Trump y Correa

Hace cuatro años escribí un artículo que mostraba las enormes similitudes entre Trump, recientemente electo, y Correa, entonces presidente del Ecuador. No pensé que el tiempo me diera tanto la razón.

De la personalidad, baste mencionar su egolatría aunque tengan ciertas habilidades sociales. Jamás reconocen un equívoco, aun cuando las evidencias lo confirmen fehacientemente. Antes, prefieren maquillar las circunstancias, aduciendo que eran bromas o malas interpretaciones de la prensa. Para ambos, la única prensa buena y honesta es la que les alaba y ataca a sus críticos. La otra es mentirosa y corrupta.

En su incontinencia verbal, no temen burlarse, ofender o denostar, con las más humillantes palabras a cualquiera, poderoso o humilde, por haberles cuestionado. Lo propio en Twitter, que es una herramienta fundamental de su gobierno. Todas sus opiniones sobre temas públicos, de relaciones exteriores, de discusión política, o de funcionarios que despiden. En los tiempos más álgidos, Trump ha llegado a enviar más de 200 tuits al día. Twitter anunció que desde enero, que ya no será presidente, perderá el estatus que tienen los mandatarios, por lo cual su cuenta podrá ser suspendida, como la de cualquiera, si ofende, amenaza o emite aseveraciones falsas.

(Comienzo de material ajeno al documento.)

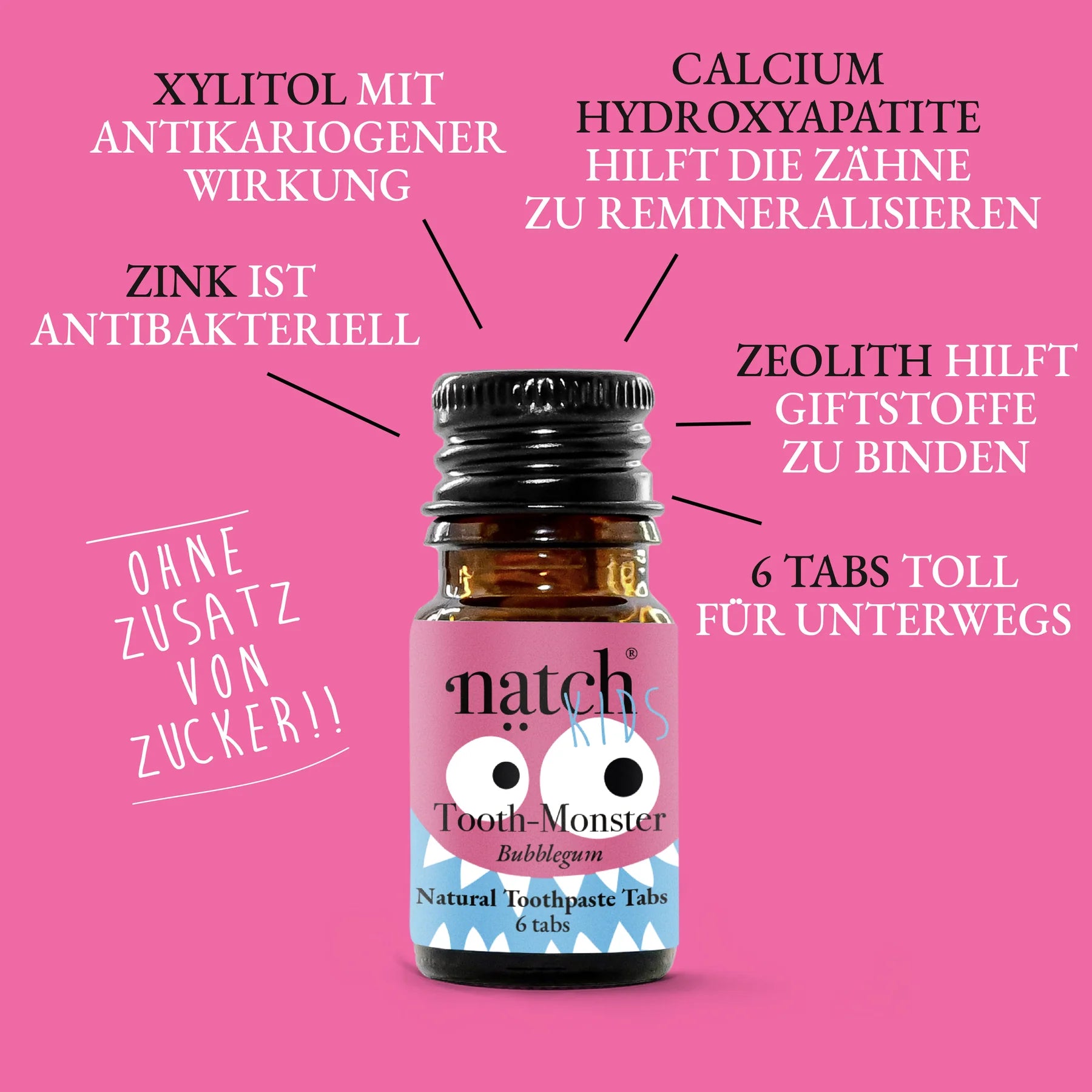 Zusätzlich sind die Natch Tooth Monster Tabs mit Zeolith verstärkt, das bekannt dafür ist, den Säuregehalt im Mund zu neutralisieren und zu entgiften. Und Zink sorgt mit seinen antibakteriellen und Anti-Plaque-Eigenschaften für rundum gesunde Zähne. Und das Beste: Die Natch Kids Bubblegum Zahnpasta Tabs bestehen aus natürlichen, lebensmittelechten Zutaten, ganz ohne künstliche Zucker. Der leckere Geschmack entsteht durch eine einzigartige Mischung aus verschiedenen Ölen sowie Gemüse- und Fruchtextrakten. Perfekt für alle, die den unvergleichlichen Geschmack von Kaugummi lieben – egal, ob jung oder alt!

Son pésimos perdedores. Pero como son personas mediáticas, usan medios de propaganda para apoyar sus conjeturadas y presuntas verdades. Si algún funcionario las contradice, es automáticamente despedido, sin importar su rango, sus méritos ni sus derechos. Y tienen tropas de legionarios en las redes sociales, muchos con identidad travestida, que atacan a los críticos y promueven sus falsas verdades. También tienen juristas que mienten a sueldo, tratando de defender lo indefendible.

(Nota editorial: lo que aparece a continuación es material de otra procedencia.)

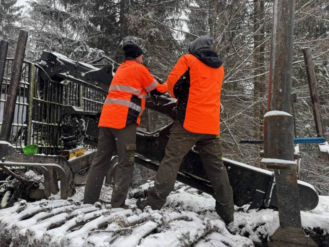 Na terenu sta uspešno sanirala počeno hidravlično cev na forwarderju in tako poskrbela, da je delo v gozdu lahko nemoteno steklo naprej. Razmere so bile vse prej kot enostavne - sneg, mraz in oddaljenost od civilizacije - a kot pravijo gozdarji, ko je treba, ni težko.
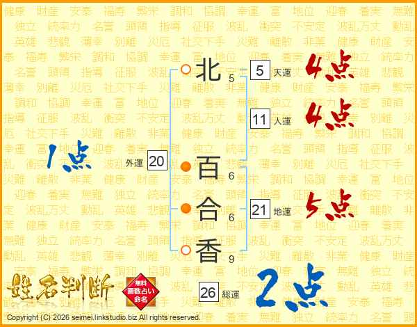 北百合香さんの総運は26画の2点!
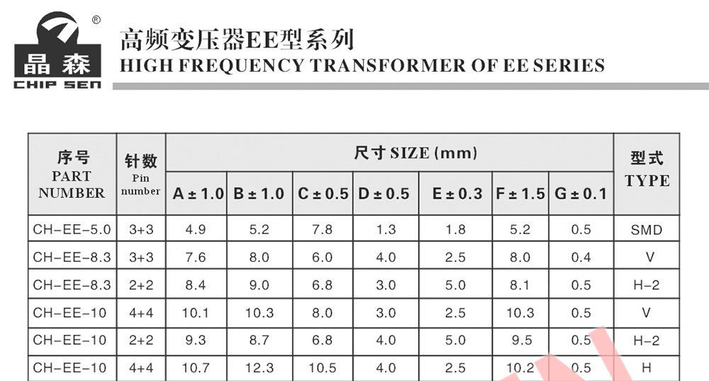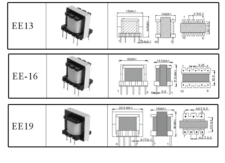 EE5/0.6W, EE8.3/2W, EE10/5W, EE12.8/7W, EE13/8-16W, EE16/10-15W, EE19/14-24W, EE22/20W, EE25/33-60W, EE28/60W, EE30/90W, EE32/95W, EE33/120W, EE34/100W, EE35/90-125W, EE40/175W,EE42/265-350W, EE55/660-800W, EE65/900-1250W, EE70/1500W

Por cierto, ambos se declaran víctimas de la envidia de los otros, que no quieren admitir que son seres superiores e imbatibles. Lo peor no es tanto su arrogancia, sino que hay quienes les creen devotamente y lo harán hasta la muerte. EE.UU. tendrá, como Ecuador, que reponerse a los caprichos narcisistas y los desatinos políticos de un gobernante que, como Correa, habría querido que el cargo sea vitalicio.